Detects runs stuck in RUNNING/QUEUED after a process restart and marks them as SYSTEM_ERROR.

reconcile_runs() runs at startup (before init_db()) and periodically in the background (at the snapshot interval, default: 30 minutes). For each run in a non-terminal state, it reads run.pid and checks process liveness via os.kill(pid, 0):

PID file	Process alive	Action
Present	Yes	Skip (running normally)
Present	No	Set `SYSTEM_ERROR` (reason: "process vanished")
Absent	N/A	Set `SYSTEM_ERROR` (reason: "no pid file")

Runs in terminal states (COMPLETE, EXECUTOR_ERROR, SYSTEM_ERROR, CANCELED, DELETED) and UNKNOWN are skipped. For each reconciled run, state.txt is set to SYSTEM_ERROR, the current timestamp is written to end_time.txt, and the reason is logged to system_logs.json.

SQLite Index¶

The SQLite database (sapporo.db) is an index, not a data store. It is rebuilt at a configurable interval (default: 30 minutes) by a background asyncio task that scans the run directories, and can be deleted at any time without data loss. It exists solely to make GET /runs (list all runs) fast.
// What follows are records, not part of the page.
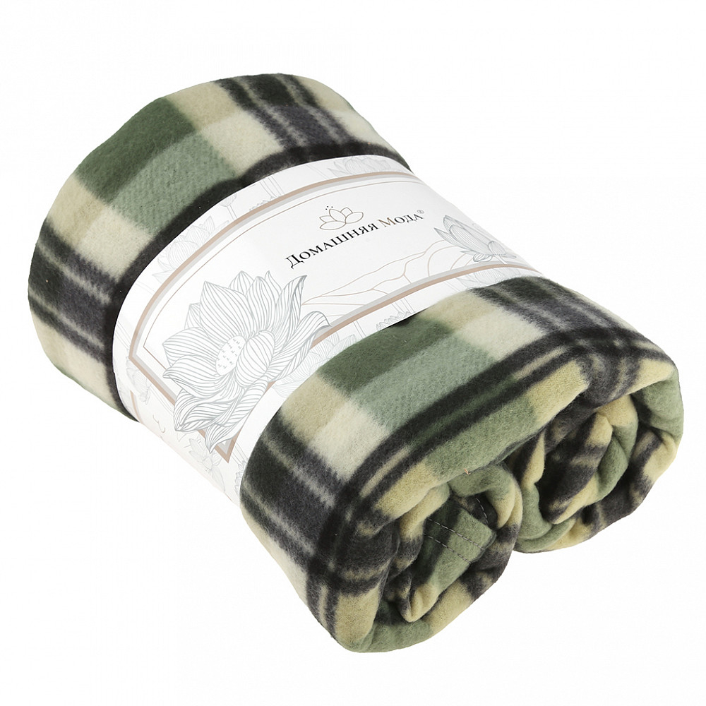 Плед-покрывало 150х200 см "Зеленый квадрат", флис набивной, полиэстер 100%, плотность 160 г/м2.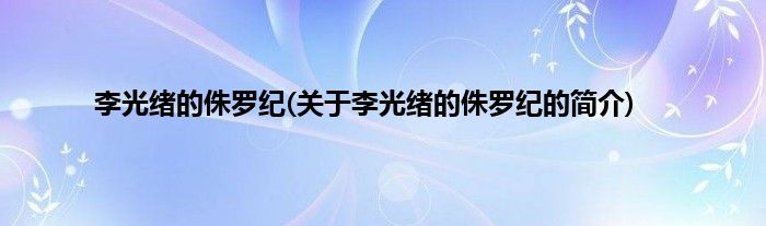本文关于李光绪的侏罗纪的简介就讲解完毕,希望对大家有所帮助。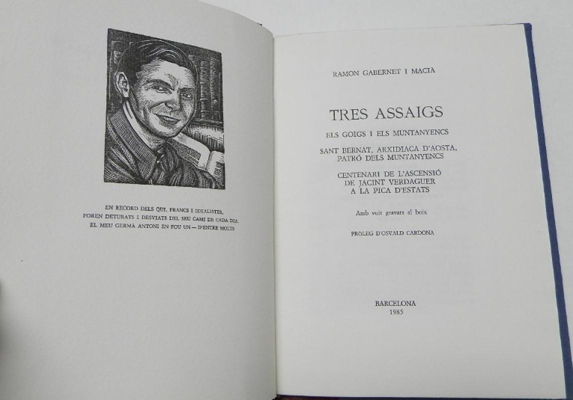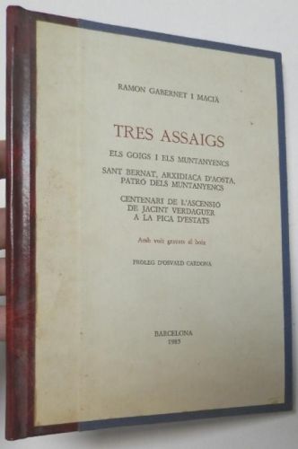 Gabernet i Macià, Ramon Tres assaigs Barcelona, 1985. Encuadernado en tapa dura. 16x22,5 cm. 57pp. Dedicado por el autor. Buen estado.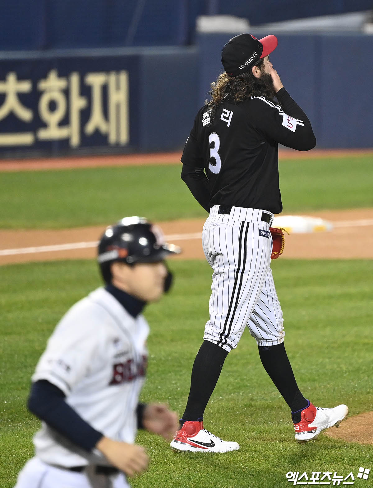 (엑스포츠뉴스 잠실, 박지영 기자) 5일 오후 서울 송파구 잠실야구장에서 열린 '2021 신한은행 SOL KBO리그' 포스트시즌 LG 트윈스와 두산 베어스의 준플레이오프 2차전 경기, 1회말 1사 2루 LG 선발투수 켈리가 두산 박건우에게 볼넷을 허용한 뒤 아쉬워하고 있다.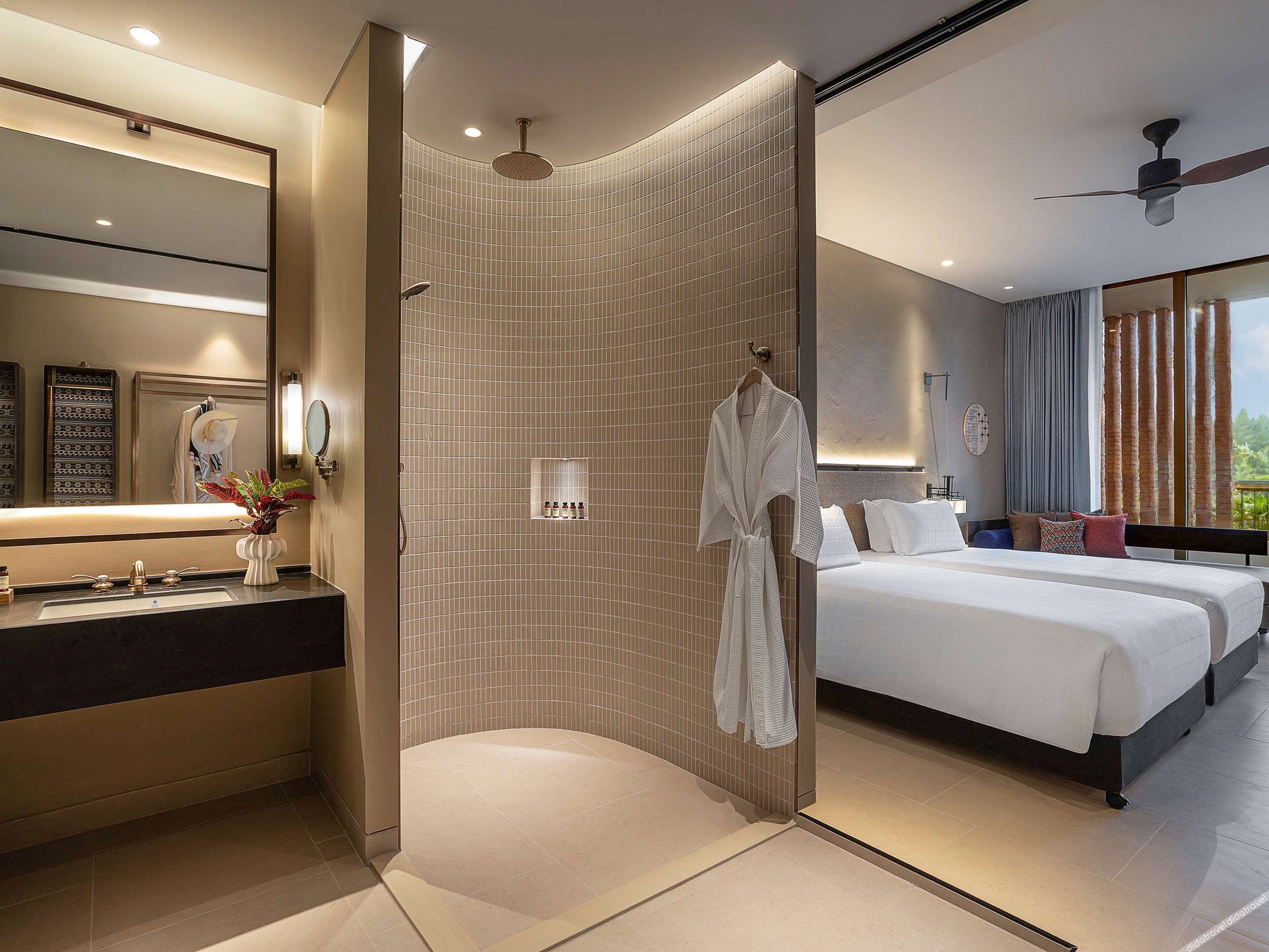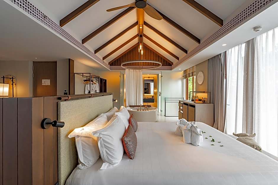 With view of green landscapes of Khao Lak,The room features a large balcony, free Wi-Fi, coffee making facilities. A 55" LED TV, plush sofa bed and a beautiful bathroom with rain shower.

Individual run queries (GET /runs/{run_id}) always read from the filesystem.

RO-Crate¶

After each run completes (or fails at the executor level), the service generates RO-Crate metadata (ro-crate-metadata.json). See RO-Crate for the full specification including conformance profiles, entity graph, custom properties, bioinformatics extensions, and validation.